### Supplied information
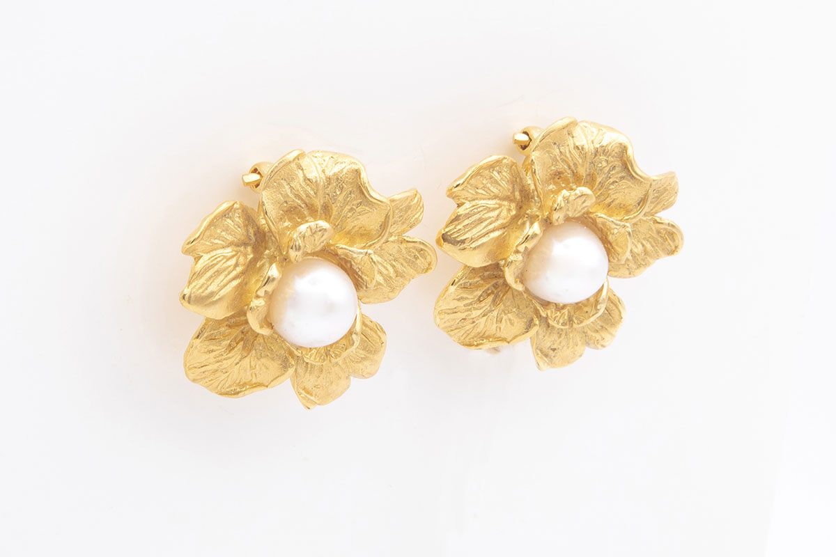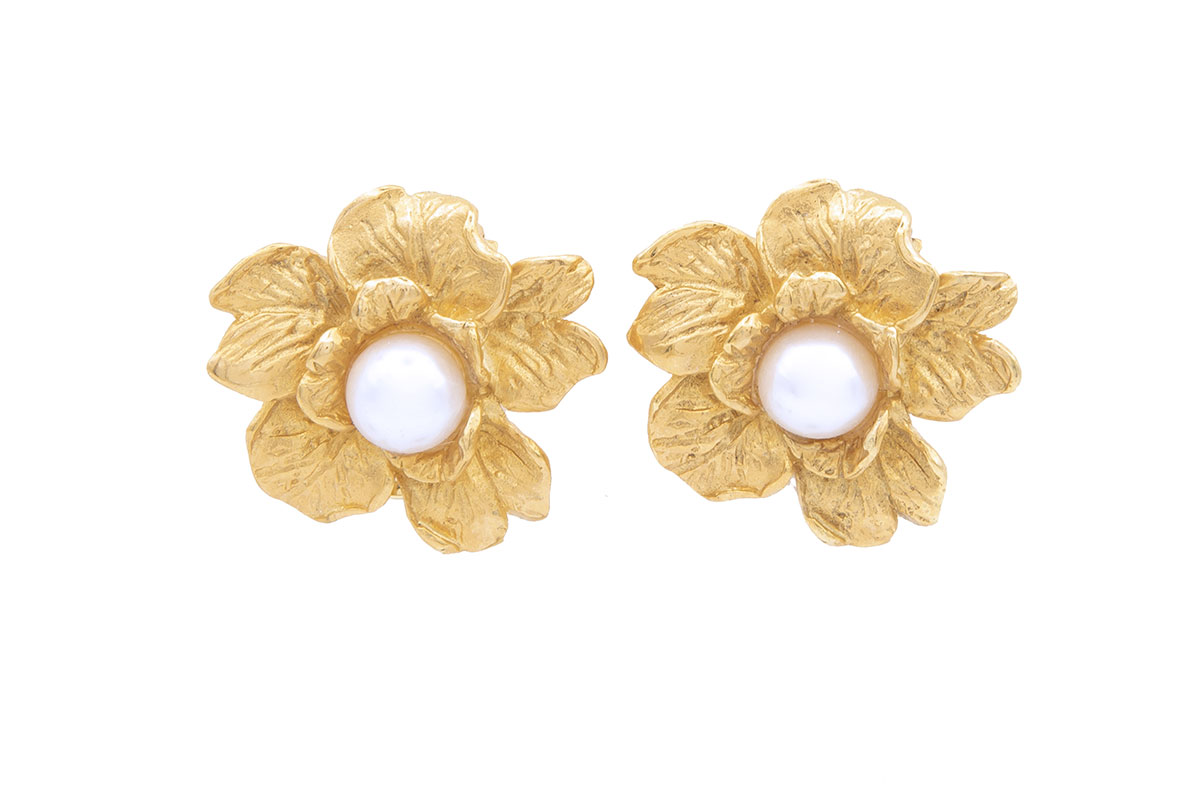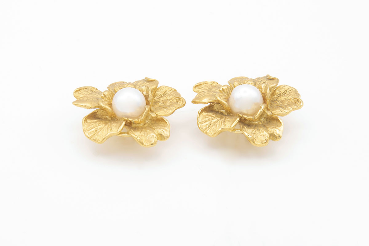 Pendientes flor de plata de ley chapados en oro de 18K con perlas
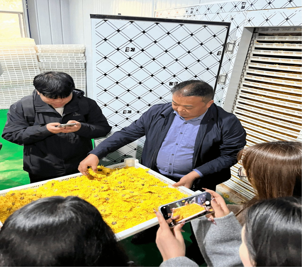 务工群众告诉我们:“我以前是在外省打工,现在老人老了,娃娃还小,就回家来带孩子和照顾老人。我们这个花是每个季节都要种的,有草就拔草,该挖地就挖地,该收花就收花,这几个月都算稳定的。”马副书记更是热情地带领大家参观了公司的产品加工车间,并赠与大家成品包装的金丝皇菊想让大家一并品味菊的芬芳和韵味。
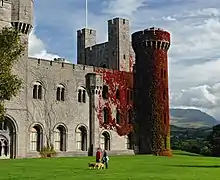 The Industrial Revolution and the slate quarries of Snowdonia helped provide George Hay Dawkins-Pennant with the wealth to construct, between 1822 and 1837, Penrhyn Castle in the Norman Romanesque style, a house that is more romantic and an expression of riches—as Hardwick Hall is—than scenic or comfortable, a house that is so well crafted and monumental, even if an unoriginal pastiche, that it has been accepted by the National Trust.[99]
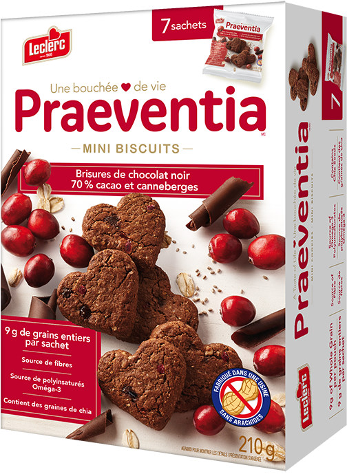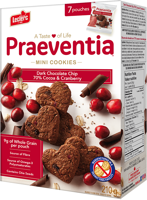 Mixed oat (whole rolled oats, whole oat flour), Brown sugar, Enriched wheat flour, Canola oil, Dark chocolate chips 70% cocoa (chocolate liquor, sugar, dextrose, cocoa powder, cocoa butter, soya lecithin, vanilla extract), Dehydrated cranberries (sugar, cranberries, sunflower oil), Cocoa powder, Milled chia seeds, Natural flavour, Sodium bicarbonate, Salt, Modified milk ingredients.

### Task goal
From the first line to the last, repeat the material exactly, but drop the pictures.

### Solution to the exercise
 Pendientes flor de plata de ley chapados en oro de 18K con perlas
 务工群众告诉我们:“我以前是在外省打工,现在老人老了,娃娃还小,就回家来带孩子和照顾老人。我们这个花是每个季节都要种的,有草就拔草,该挖地就挖地,该收花就收花,这几个月都算稳定的。”马副书记更是热情地带领大家参观了公司的产品加工车间,并赠与大家成品包装的金丝皇菊想让大家一并品味菊的芬芳和韵味。
 The Industrial Revolution and the slate quarries of Snowdonia helped provide George Hay Dawkins-Pennant with the wealth to construct, between 1822 and 1837, Penrhyn Castle in the Norman Romanesque style, a house that is more romantic and an expression of riches—as Hardwick Hall is—than scenic or comfortable, a house that is so well crafted and monumental, even if an unoriginal pastiche, that it has been accepted by the National Trust.[99]
 Mixed oat (whole rolled oats, whole oat flour), Brown sugar, Enriched wheat flour, Canola oil, Dark chocolate chips 70% cocoa (chocolate liquor, sugar, dextrose, cocoa powder, cocoa butter, soya lecithin, vanilla extract), Dehydrated cranberries (sugar, cranberries, sunflower oil), Cocoa powder, Milled chia seeds, Natural flavour, Sodium bicarbonate, Salt, Modified milk ingredients.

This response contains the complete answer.